Luke 2:2 - Commentary Critical and Explanatory on the Whole Bible

Bible Comments

(And this taxing was first made when Cyrenius was governor of Syria.) (And this taxing was first made when Cyrenius was governor of Syria) - a very perplexing verse, inasmuch as Cyrenius, or Quirinus, appears not to have been governor of Syria for about 10 years after the birth of Christ, and the taxing under his administration was what led to the insurrection alluded to in Acts 5:37 (cf. Josephus, Ant. 18: 1. 1). That Augustus took steps toward introducing uniform taxation throughout the empire, has been proved beyond dispute (by Savigny, the highest authority on the Roman law); and candid critics, even of sceptical tendency, are forced to allow that no such glaring anachronism as the words, on the first blush of them, seem to imply, was likely to be fallen into by a writer so minutely accurate on Roman affairs as our Evangelist shows himself, in the Acts, to be. Some superior scholars would render the words thus: 'This registration was previous to Cyrenius being governor of Syria.' In this case, of course, the difficulty vanishes.
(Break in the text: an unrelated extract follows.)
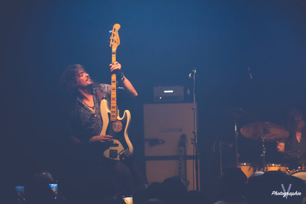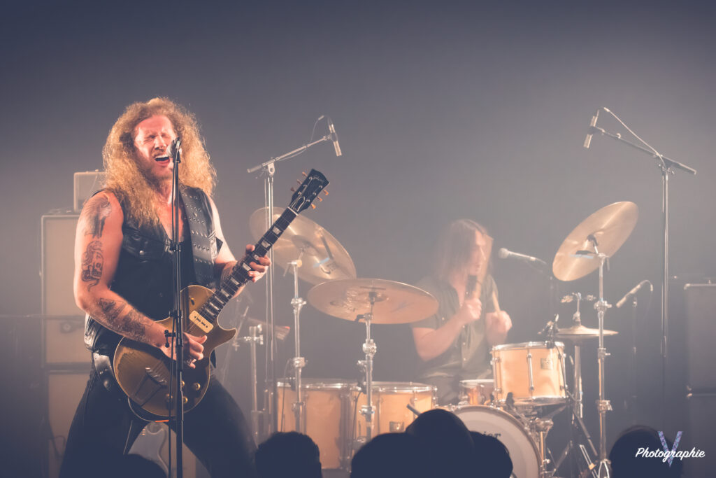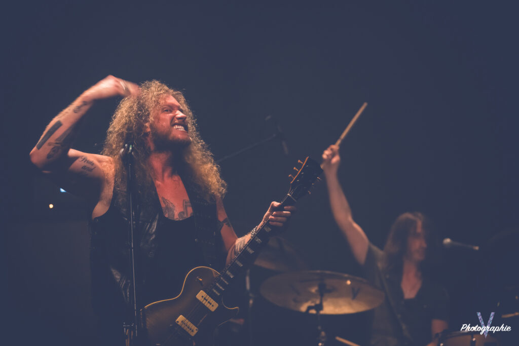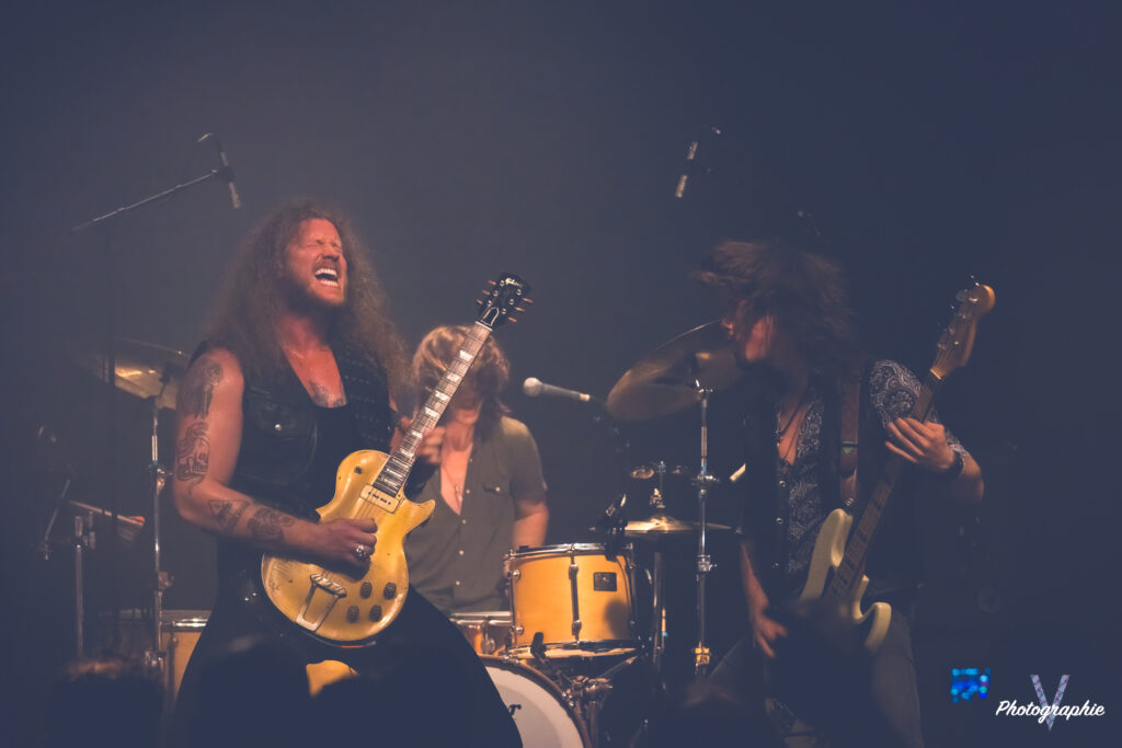 Jared James Nichols, derrière ce nom finalement assez peu connu en France se cache une sorte de fusion entre Zakk Wilde et Jeff Beck. Avec le premier, il partage un goût très prononcé pour le gros Rock où la pentatonique règne en maître absolu et avec le second une manière de jouer sans médiator (pour les novices, le médiator est un bout de plastique souvent triangulaire qui sert à gratter les cordes des guitares Folk et Electrique). Et le monsieur est doué, à tel point qu’il nous aura fallu la moitié du concert pour nous rendre compte qu’il parcourt sa Les Paul vintage à doigts nus. Non content d’être un excellent guitariste Jared est également le chanteur de la formation qui, pour le live, se compose d’un bassiste : Louis Collins et d’un batteur : Ryan Rice. On a donc une formule Power Trio avec des musiciens plutôt mobile. Jared et Louis descendront même dans la fosse avec le public pendant des solos. La setlist passe toute seule, on ne sent pas le temps passer et à la fin du concert le guitariste/chanteur invite le public à le rejoindre à l’entrée de la salle pour prendre des photos, discuter et éventuellement acheter un CD. On sent une franche générosité chez Jared Nichols, celle-ci est autant musicale qu’humaine. On espère sincèrement avoir l’occasion de le revoir à Paris ou lors d’un festival.

But, as this is a very precarious sense of the word х prootee (G4413)], it is better, with others, to understand the Evangelist to mean; that though the registration was now ordered with a view to the taxation, the taxing itself-an obnoxious measure in Palestine-was not carried out until the time of Quirinus.

Luke 2:2

2 (And this taxing was first made when Cyrenius was governor of Syria.)